- GOAL OF THE EXERCISE -
From the line that contains "Светосавски програм приредила" to the final line below, both included, print each line exactly and skip the pictures.

- RECORDS FOR THE EXERCISE -

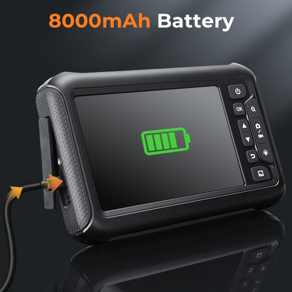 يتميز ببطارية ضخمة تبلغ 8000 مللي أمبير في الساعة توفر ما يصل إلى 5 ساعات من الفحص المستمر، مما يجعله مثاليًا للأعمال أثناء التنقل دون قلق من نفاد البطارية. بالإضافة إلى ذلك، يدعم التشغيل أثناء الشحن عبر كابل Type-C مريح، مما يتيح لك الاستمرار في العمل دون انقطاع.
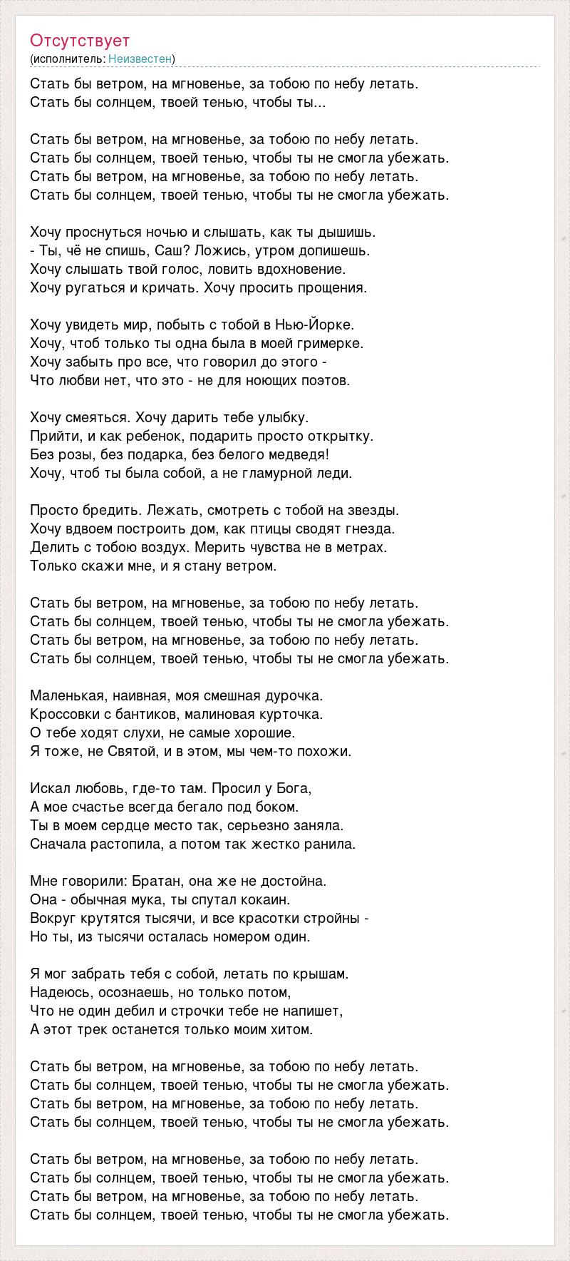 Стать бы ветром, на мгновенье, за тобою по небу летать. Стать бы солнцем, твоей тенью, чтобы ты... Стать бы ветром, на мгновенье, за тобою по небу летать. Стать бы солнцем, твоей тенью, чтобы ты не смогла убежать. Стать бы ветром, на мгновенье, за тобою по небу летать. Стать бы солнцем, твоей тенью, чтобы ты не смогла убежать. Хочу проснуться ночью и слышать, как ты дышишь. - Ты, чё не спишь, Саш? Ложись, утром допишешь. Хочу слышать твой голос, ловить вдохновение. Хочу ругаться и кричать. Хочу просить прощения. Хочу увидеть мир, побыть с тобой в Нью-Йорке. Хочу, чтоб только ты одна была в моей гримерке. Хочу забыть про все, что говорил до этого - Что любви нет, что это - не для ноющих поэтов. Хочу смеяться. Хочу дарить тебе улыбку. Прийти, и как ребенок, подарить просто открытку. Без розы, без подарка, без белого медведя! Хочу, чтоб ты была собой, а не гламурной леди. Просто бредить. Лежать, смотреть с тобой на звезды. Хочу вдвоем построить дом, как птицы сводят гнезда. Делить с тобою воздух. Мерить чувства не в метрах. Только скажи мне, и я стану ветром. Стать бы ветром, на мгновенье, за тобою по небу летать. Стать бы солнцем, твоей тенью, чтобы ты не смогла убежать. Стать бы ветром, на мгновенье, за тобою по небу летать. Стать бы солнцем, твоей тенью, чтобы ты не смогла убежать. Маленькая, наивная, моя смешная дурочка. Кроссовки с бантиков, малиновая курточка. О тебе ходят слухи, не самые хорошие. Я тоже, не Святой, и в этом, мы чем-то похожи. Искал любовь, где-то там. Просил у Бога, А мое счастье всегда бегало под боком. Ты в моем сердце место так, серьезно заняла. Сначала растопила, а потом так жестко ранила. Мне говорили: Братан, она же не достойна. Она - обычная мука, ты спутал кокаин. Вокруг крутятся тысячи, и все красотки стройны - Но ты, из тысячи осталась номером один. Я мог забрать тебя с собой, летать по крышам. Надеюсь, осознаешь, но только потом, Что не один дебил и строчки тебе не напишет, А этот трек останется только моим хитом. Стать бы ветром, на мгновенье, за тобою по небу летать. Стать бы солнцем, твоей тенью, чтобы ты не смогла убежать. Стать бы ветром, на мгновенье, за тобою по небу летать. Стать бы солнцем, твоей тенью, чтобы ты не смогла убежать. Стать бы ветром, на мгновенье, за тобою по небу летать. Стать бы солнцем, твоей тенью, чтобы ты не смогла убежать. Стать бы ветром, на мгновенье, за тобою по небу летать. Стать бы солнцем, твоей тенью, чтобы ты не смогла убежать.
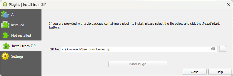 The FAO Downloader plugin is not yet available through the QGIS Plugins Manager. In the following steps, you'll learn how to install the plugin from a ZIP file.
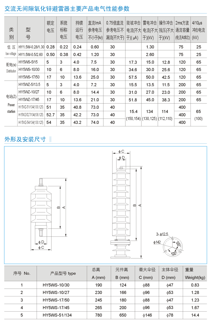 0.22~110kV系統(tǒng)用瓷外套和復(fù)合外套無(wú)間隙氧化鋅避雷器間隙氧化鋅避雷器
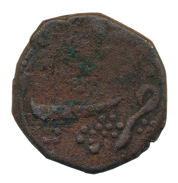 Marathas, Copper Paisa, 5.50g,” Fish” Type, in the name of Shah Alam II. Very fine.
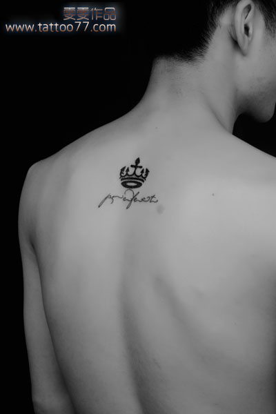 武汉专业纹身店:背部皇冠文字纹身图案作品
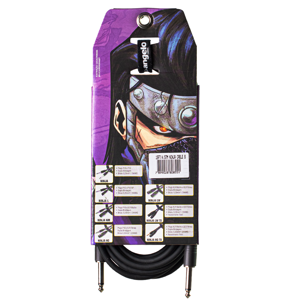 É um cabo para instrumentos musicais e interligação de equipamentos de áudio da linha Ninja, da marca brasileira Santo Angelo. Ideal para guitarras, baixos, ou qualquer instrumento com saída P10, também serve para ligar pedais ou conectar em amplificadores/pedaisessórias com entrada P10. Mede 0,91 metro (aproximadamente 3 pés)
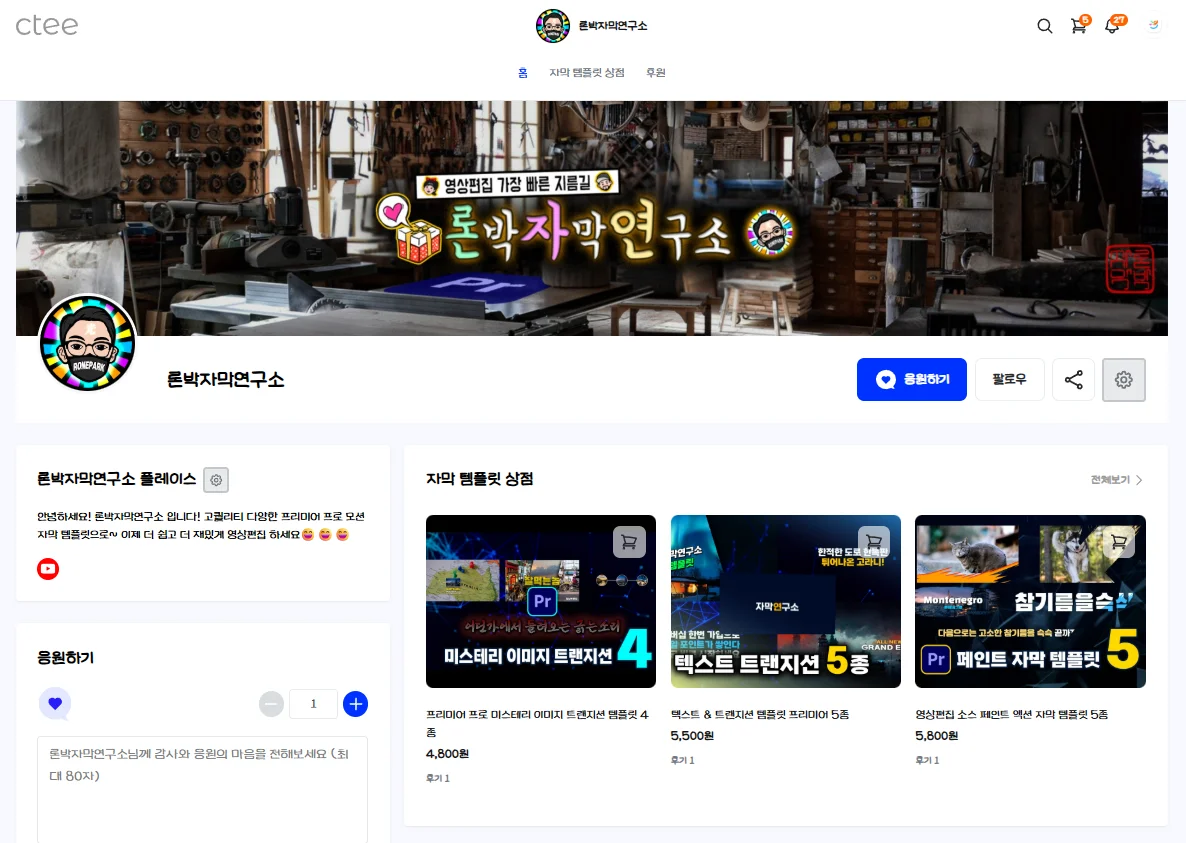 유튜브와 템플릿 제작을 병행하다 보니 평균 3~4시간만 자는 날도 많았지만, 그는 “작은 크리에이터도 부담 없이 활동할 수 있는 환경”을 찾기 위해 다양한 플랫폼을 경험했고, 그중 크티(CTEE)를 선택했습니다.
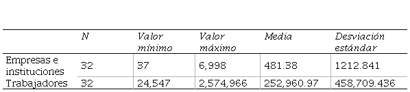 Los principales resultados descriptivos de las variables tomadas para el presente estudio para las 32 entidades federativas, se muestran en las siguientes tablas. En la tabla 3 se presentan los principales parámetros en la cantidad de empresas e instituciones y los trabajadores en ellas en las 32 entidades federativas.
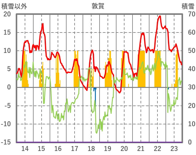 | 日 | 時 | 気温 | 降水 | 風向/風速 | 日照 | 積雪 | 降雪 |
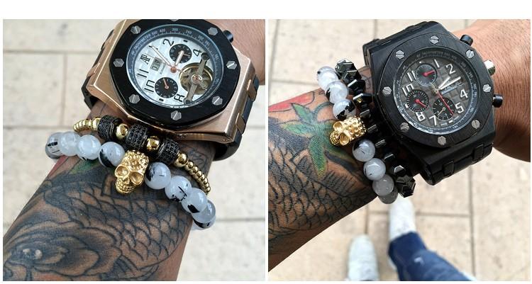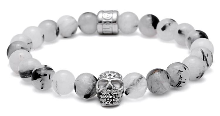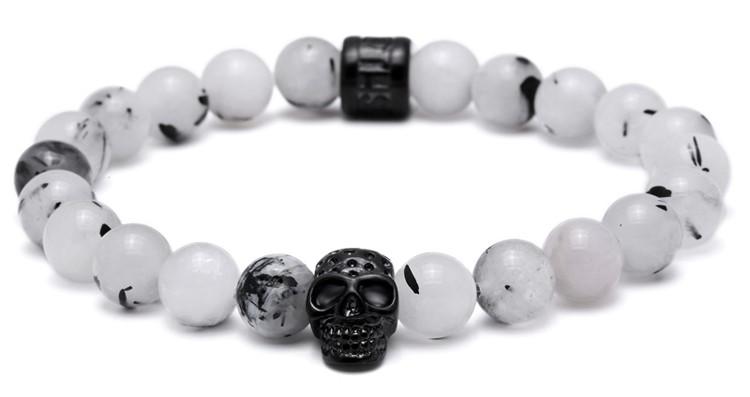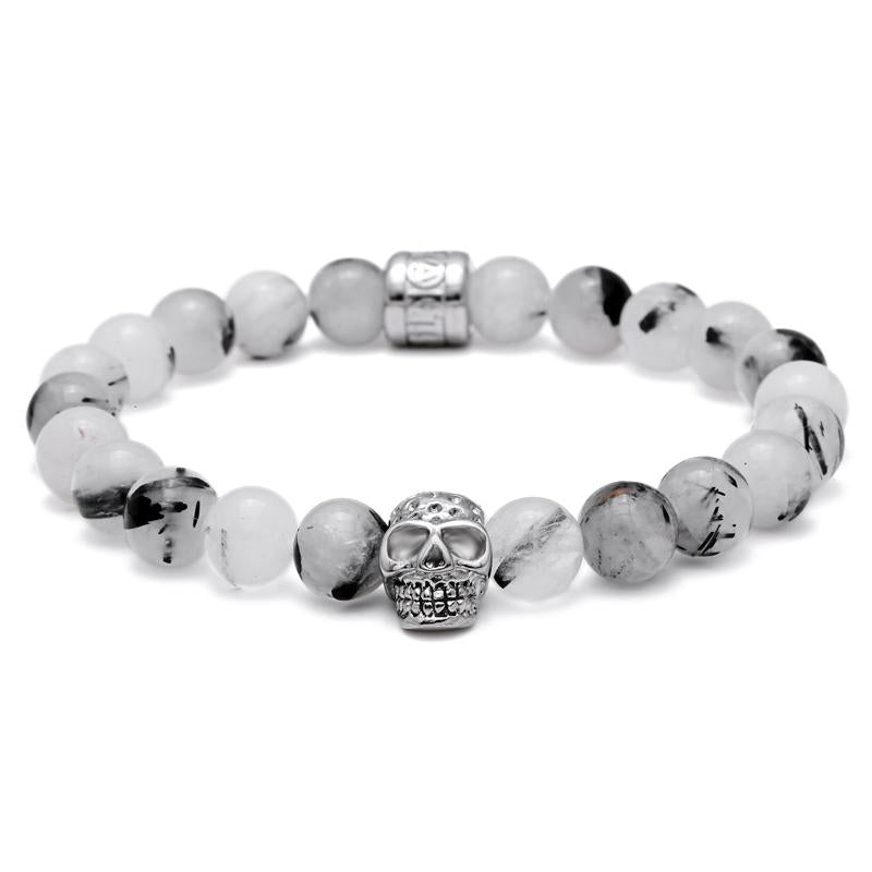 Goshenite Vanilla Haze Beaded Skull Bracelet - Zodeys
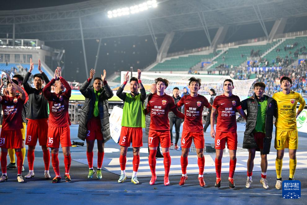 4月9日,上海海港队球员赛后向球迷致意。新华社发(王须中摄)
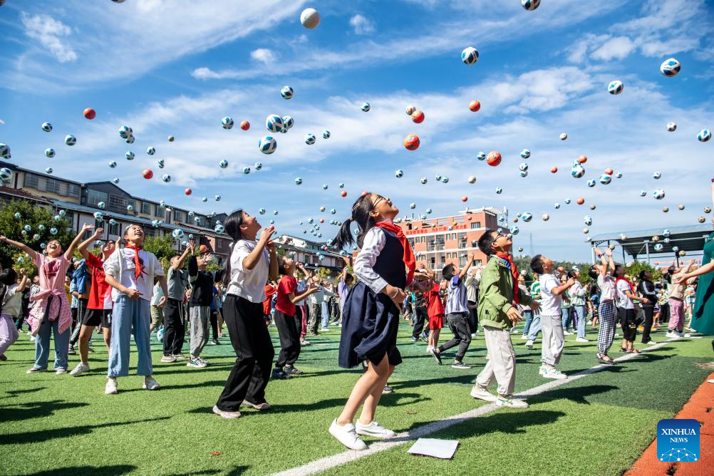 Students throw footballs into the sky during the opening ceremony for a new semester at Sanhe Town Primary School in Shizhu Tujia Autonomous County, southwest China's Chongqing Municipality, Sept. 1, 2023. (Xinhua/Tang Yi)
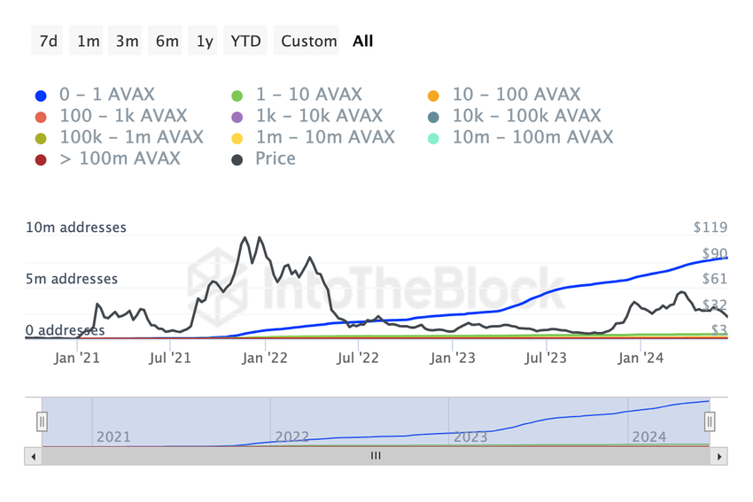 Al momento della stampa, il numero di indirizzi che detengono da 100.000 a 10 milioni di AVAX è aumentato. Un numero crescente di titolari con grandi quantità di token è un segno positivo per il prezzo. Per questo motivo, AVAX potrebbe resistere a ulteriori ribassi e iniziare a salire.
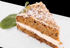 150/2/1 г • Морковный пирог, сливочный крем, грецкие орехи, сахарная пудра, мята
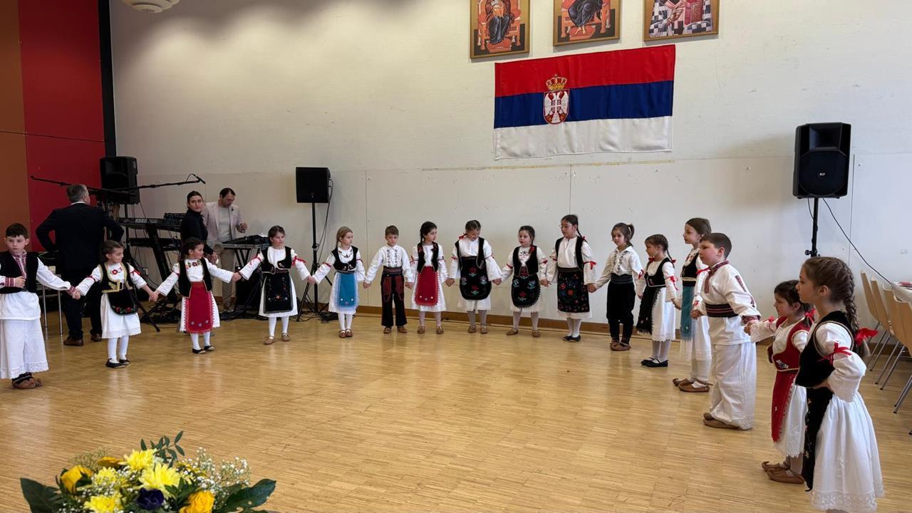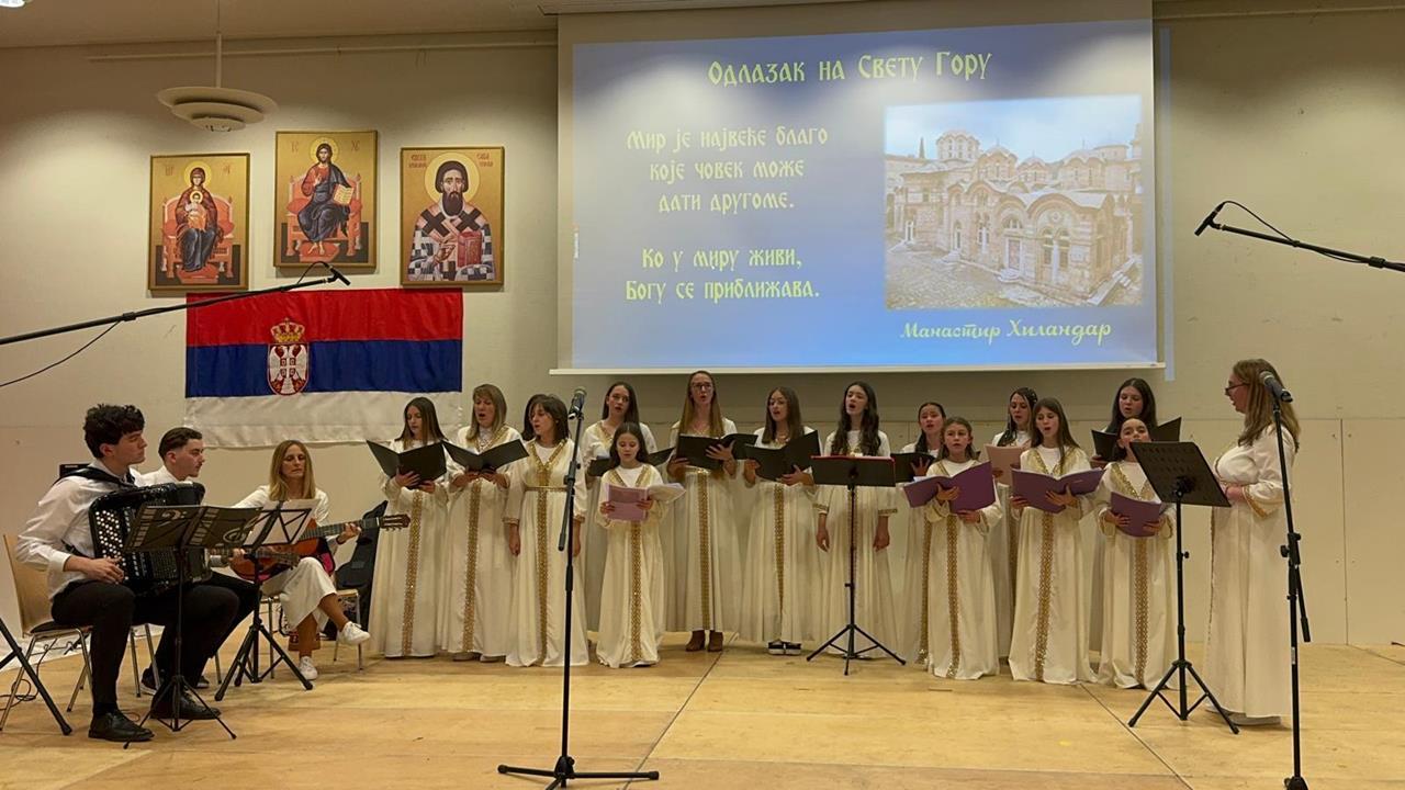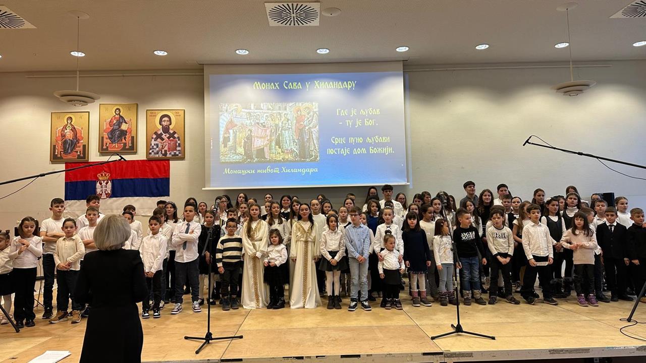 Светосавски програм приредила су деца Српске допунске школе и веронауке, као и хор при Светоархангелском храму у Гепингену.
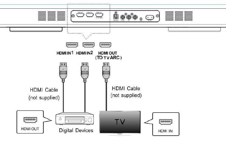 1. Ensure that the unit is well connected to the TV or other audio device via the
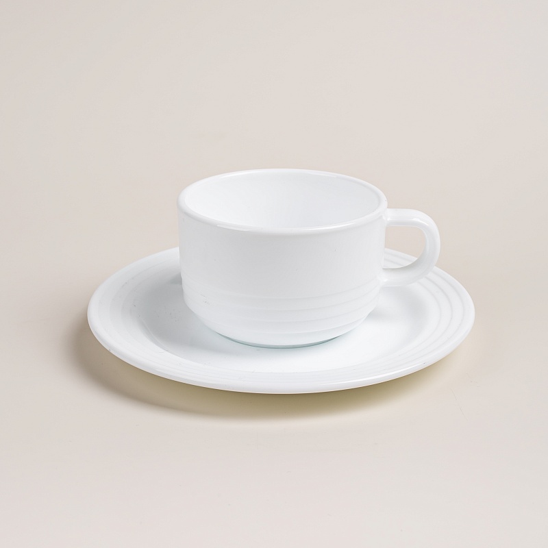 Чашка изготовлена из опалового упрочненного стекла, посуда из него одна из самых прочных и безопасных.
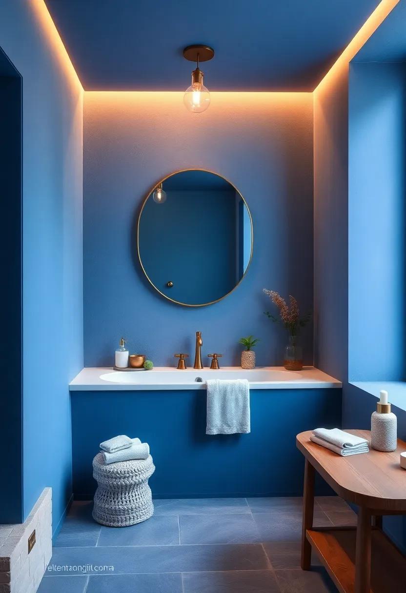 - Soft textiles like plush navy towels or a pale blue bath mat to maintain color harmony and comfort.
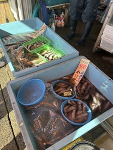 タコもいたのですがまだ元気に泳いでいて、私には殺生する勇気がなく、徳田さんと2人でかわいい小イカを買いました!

- RESULT FOR THIS TASK -
 Светосавски програм приредила су деца Српске допунске школе и веронауке, као и хор при Светоархангелском храму у Гепингену.
 1. Ensure that the unit is well connected to the TV or other audio device via the
 Чашка изготовлена из опалового упрочненного стекла, посуда из него одна из самых прочных и безопасных.
 - Soft textiles like plush navy towels or a pale blue bath mat to maintain color harmony and comfort.
 タコもいたのですがまだ元気に泳いでいて、私には殺生する勇気がなく、徳田さんと2人でかわいい小イカを買いました!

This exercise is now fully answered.